Un tournant surprenant dans la critique vient de la physique elle-même. Certains des défis les plus intéressants à la réduction simple ne proviennent pas d'une révolte anti-scientifique, mais de la complexité interne de la science. Les transitions de phase, l'auto-organisation et la non-linéarité montrent que de nouveaux motifs peuvent apparaître brusquement lorsque les systèmes franchissent des seuils. L'alignement d'un aimant, le début de la convection, ou le comportement d'un fluide près de la criticité révèlent tous que l'organisation peut être plus que la somme des trajectoires isolées. Les critiques insistent toujours sur le fait que les lois sous-jacentes suffisent, mais l'émergentiste peut faire remarquer que la suffisance n'est pas la même chose que l'adéquation explicative.

La lecture la plus charitable de la position de l'émergentiste fort, alors, n'est pas qu'elle nie la dépendance microphysique. C'est qu'elle insiste sur le pluralisme explicatif : le monde est organisé en niveaux, et différentes questions sont répondues à différents niveaux. La critique la plus forte de ce point de vue est que le pluralisme peut être une règle pragmatique plutôt qu'une vérité métaphysique. Nous pouvons utiliser un langage de niveau supérieur parce qu'il est utile, non parce que le niveau supérieur a une existence indépendante.

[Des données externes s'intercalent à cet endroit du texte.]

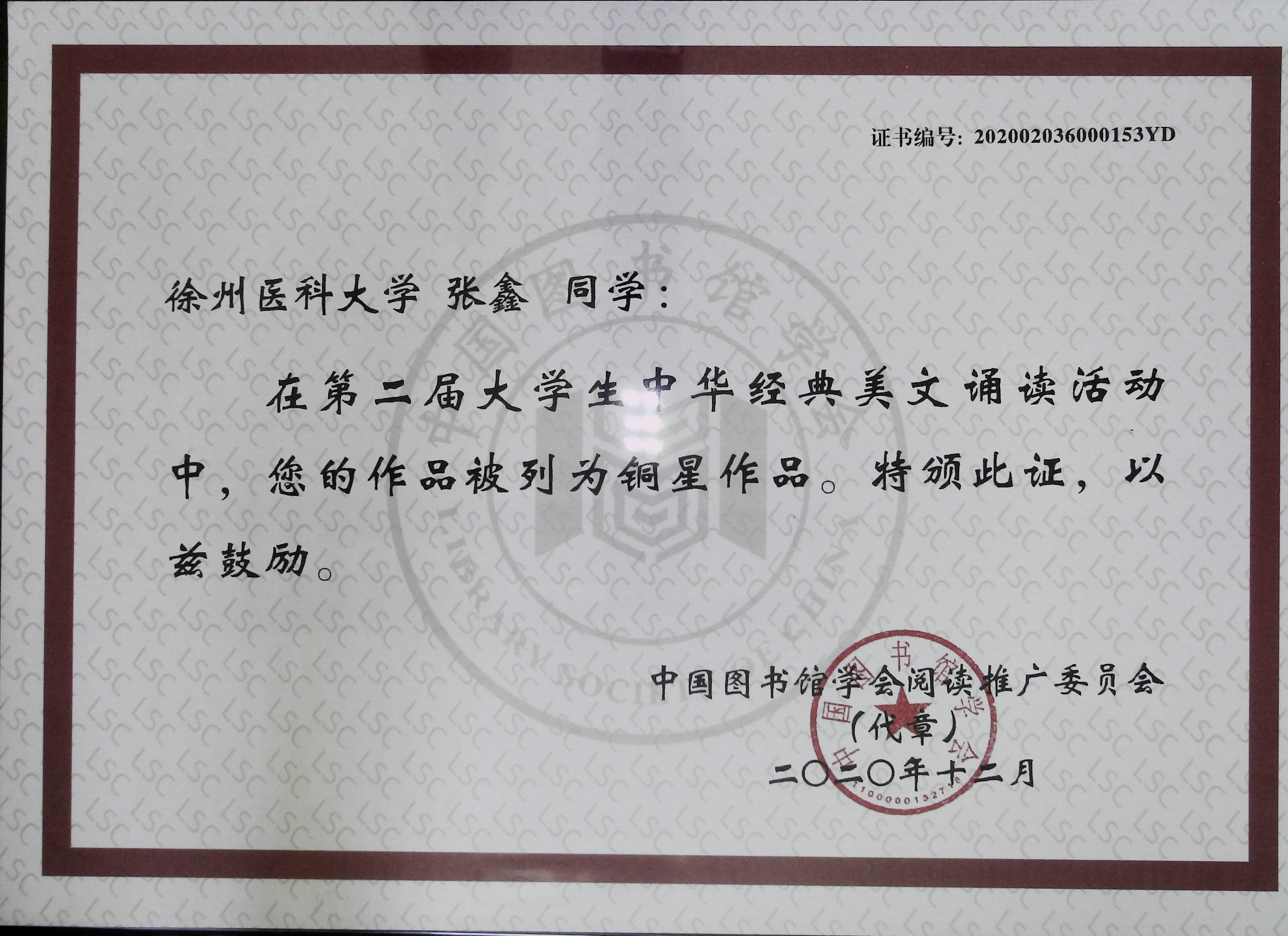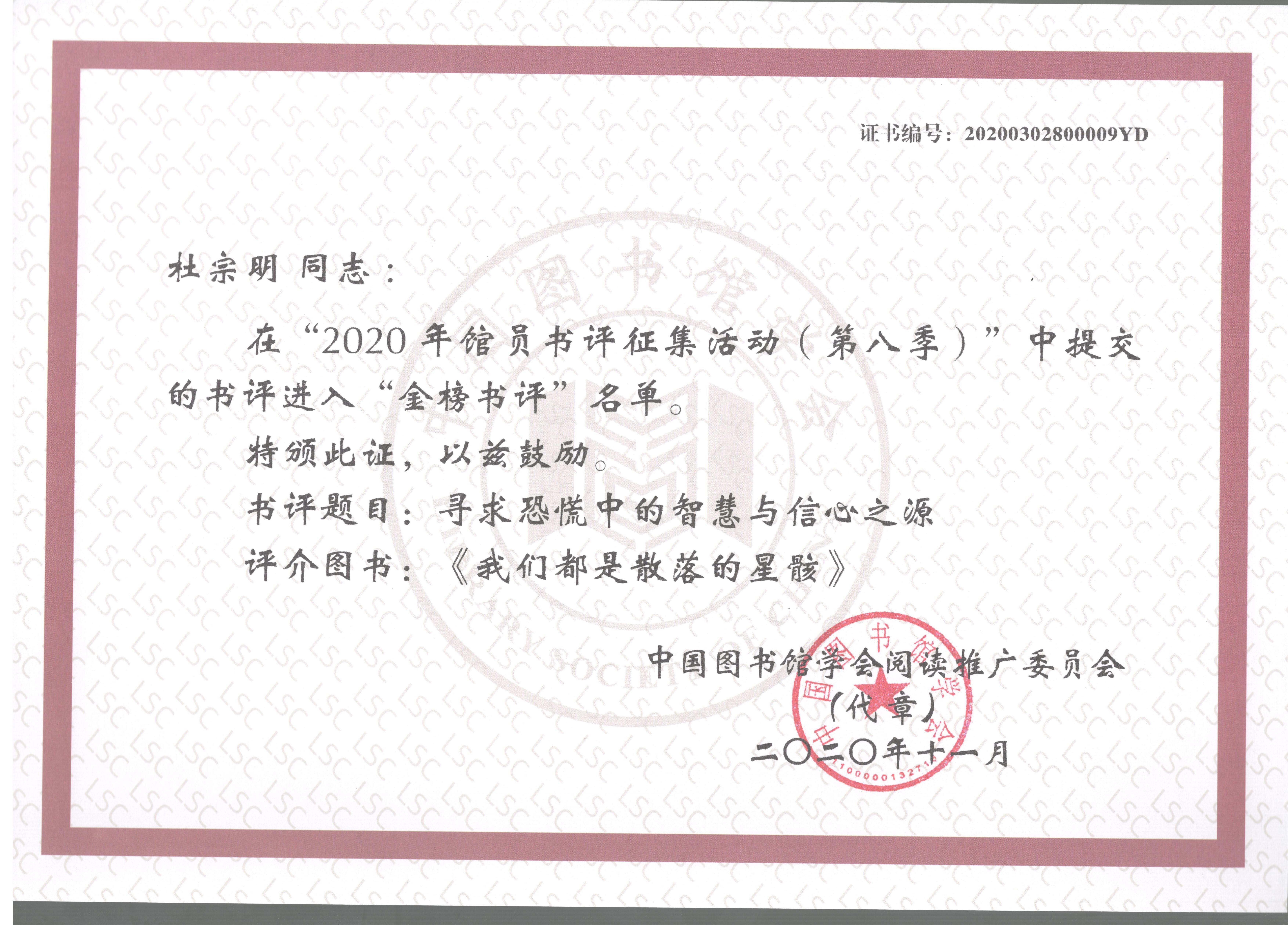 近日,由中国图书馆学会主办的多项阅读推广活动落下帷幕,捕鱼达人 图书馆首次组织参加了部分赛事。其中,由我馆馆员杜宗明基于评介图书《我们都是散落的星骸》所撰写的书评《寻求恐慌中的智慧与信心之源》,在“2020年馆员书评第八季征集活动”中荣膺金奖书评;我馆组织指导捕鱼达人 2018级本信息班张鑫读者推送的作品《秋夜》,在“第二届大学生中华经典美文诵读活动”中斩获铜奖。

Mais l'émergentiste a une dernière réponse : l'utilité elle-même peut suivre la réalité. Le fait qu'un niveau de description capture de manière fiable des motifs stables peut montrer que le monde est vraiment structuré de cette manière. Les langues, les institutions et les esprits ne sont pas des illusions simplement parce qu'ils sont organisés. Ce sont des sortes de choses qui existent en organisant leurs parties. Les qualifier d'irréelles parce qu'elles ne sont pas simples serait confondre austérité et perspicacité.

La tension demeure, cependant, et c'est le prix que l'émergence paie pour le sérieux. Si elle rend la nouveauté trop bon marché, elle devient un slogan ; si elle rend la nouveauté trop forte, elle menace l'explication. La doctrine est mise à l'épreuve précisément là où elle est la plus tentante : dans la conscience, dans la vie, dans la société. Chaque cas demande si les propriétés de niveau supérieur sont des caractéristiques causales efficaces du monde ou seulement des manières pratiques de parler des processus de niveau inférieur.

C'est pourquoi l'émergence n'a jamais été entièrement résolue. Elle survit aux meilleures objections en réduisant ses ambitions : pas un miracle, pas un déni de la physique, mais une affirmation sur les niveaux d'organisation et la réalité des motifs. Pourtant, même sous cette forme restreinte, elle laisse la philosophie avec une pensée difficile mais fructueuse. Le monde peut être tel que de nouveaux types d'ordre ne sont pas seulement décrits par nous ; ils sont engendrés par le monde lui-même. Et si cela est vrai, la question n'est pas de savoir si l'émergence existe, mais jusqu'où elle s'étend.